As an English major, I feel as if I am expected to get a lady boner over Shakespeare’s plays and sonnets and poetry. Yes, I do get rather excited whenever I hear the name Richard, or think about Titus Andronicus and meat pies. That’s a God damned given. But my hardness comes not from his words, but from his life.

From the research I have done on Shakebag, I can honestly say that I think the man was an honest to goodness asshole. That being said, I love him more for it. The man didn’t hide the fact that he had issues with marriage – the only successful and not damned creepy relationship in any of his plays is the adulterous love between Antony and Cleopatra – and was assumed to be having affair after affair out in London when his wife was back in the country side. If you belong to the camp that assumes Shakespeare died of syphilis, or an illness related to it, then you must also assume that he was a raging man-whore who possibly used his burgeoning fame to bed random women.

OK, you don’t have to assume that he had a litany of women enter his bedchambers, but he had to get the syph somehow and it sure as hell wasn’t from Anne. Speaking of Anne, one of my horribly anti-feminist, mysoginistic, and down right all time favorite things about Shakespeare was the fact that he had left her out of his first will and testament. The man returned to Stratford from London when he thought he was going to die. He hadn’t returned to his home in the country, even his new place at New Place, until six months before he died.

His first will was written none too long after his return, making is nearly a fact that he thought he was dying. Or going to die rather quickly. Hell, if I had the syph back in the seventeenth century I’d retreat into a hole rather than get into one of those communal mercury baths. Just like good old Willy. Anyway, he had written his first will with absolutely no mention of Anne Shakespeare, nee Hathaway. Common law back in that era stipulated that a wife would always inherit a certain percentage of her dead husband’s estate, unless otherwise noted. William went out of his way to leave all of his most valuable belongings and wealth to his eldest daughter Susanna.

If that’s not a huge FUCK YOU to Anne, then I don’t know what is. The fact that I find this not only amusing but terribly lady boner inducing  should revoke my chick card for an undetermined amount of time. Shakespeare didn’t like his wife, so he stuck it to her. His brazen honesty is definitely worthy of some wood. Not only did he not include her in the first will, he only allotted her a piddly bed in his revised version of the document.
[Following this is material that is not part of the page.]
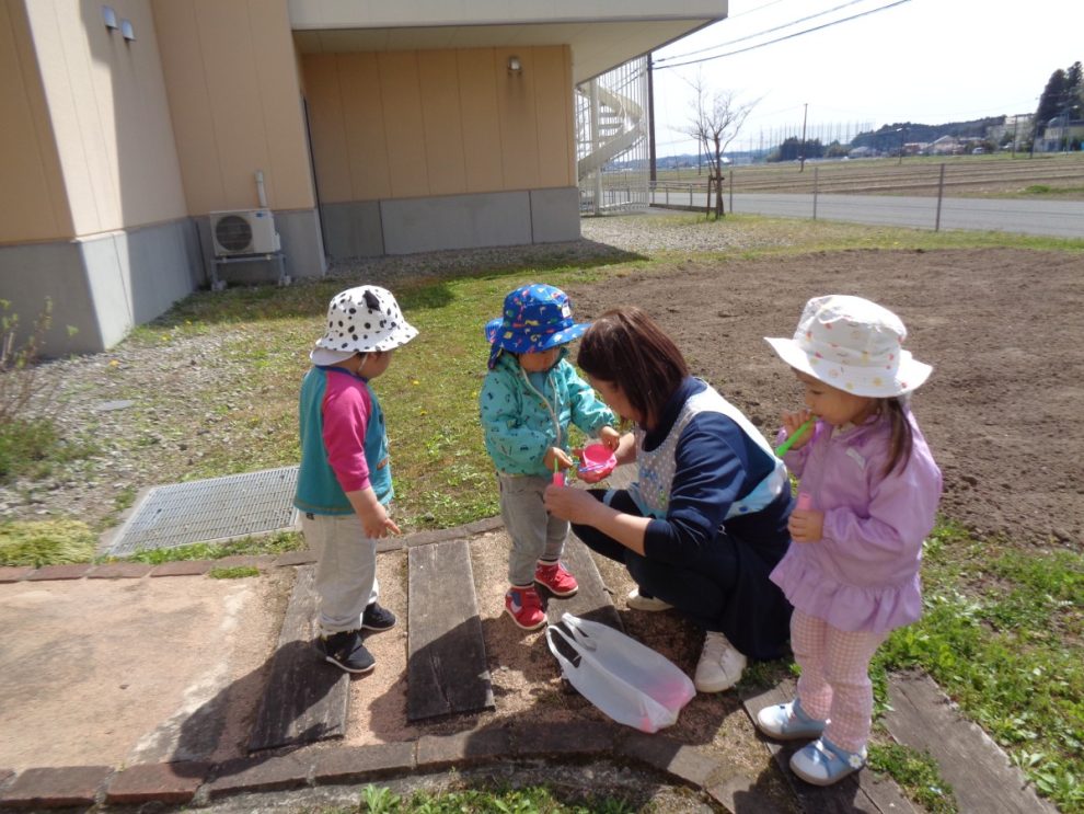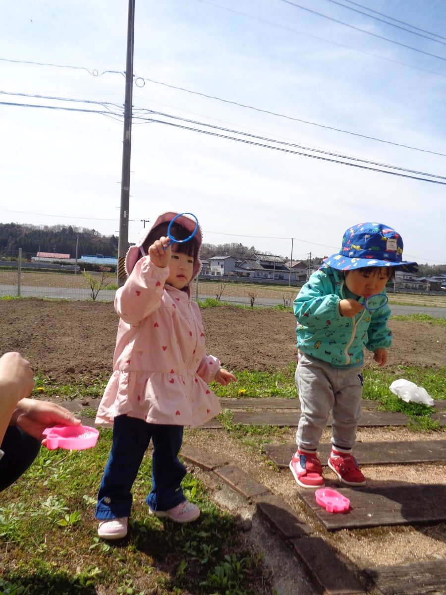 子どもたちは、新しい環境にも少しずつ慣れ、お部屋の中を散策したり、お外遊びを楽しんだりしています。様々な経験を通して大きく成長できるよう、職員一同見守っていきたいと思います。一年間どうぞよろしくお願いいたします。

He didn’t die right away after moving into New Place, which is evident by the fact that I kept referring to his will as his first will. It took him a good six months of suffering to fade into nothingness, which gave him ample time to rethink his will or be pushed into revising his will by an outside party. Perhaps Susanna felt badly for her mother and invoked her father’s love of his daughter to get him to change his mind about slighting mother dearest. Who knows? Not I, said the Kateri. But the fact of the matter is, he did change his mind. In the revised document he left Anne his second best bed. Some scholars get all schmoopy and sappy, lovesick and lovestoned by this as it was common for the second best bed in a household to be the marriage bed – the best bed was reserved for guests.

Hell no – I don’t buy that for a moment. I find the attribution of their second best bed, their marriage bed perhaps, to Anne to be an even bigger slight than being ignored all together. She slept alone in that bed for decades, and he likely died in it. Not very fond memories there. And what more useless thing to gain in a will than a bed when the house is promised to someone else?

That’s right, I enjoy the fact that William Shakespeare likely hated his wife. His resentment toward her and marriage is more than understandable. Then again, don’t most men who get trapped into marriages by pregnancies feel a bit of resentment? Here’s to you most likely being a normal human being with normal human feelings and a supernatural gift of words, William Shakespeare. This boner’s for you.

Plus, his portraits are HOT. Look at the GQMF with his earring. Boing!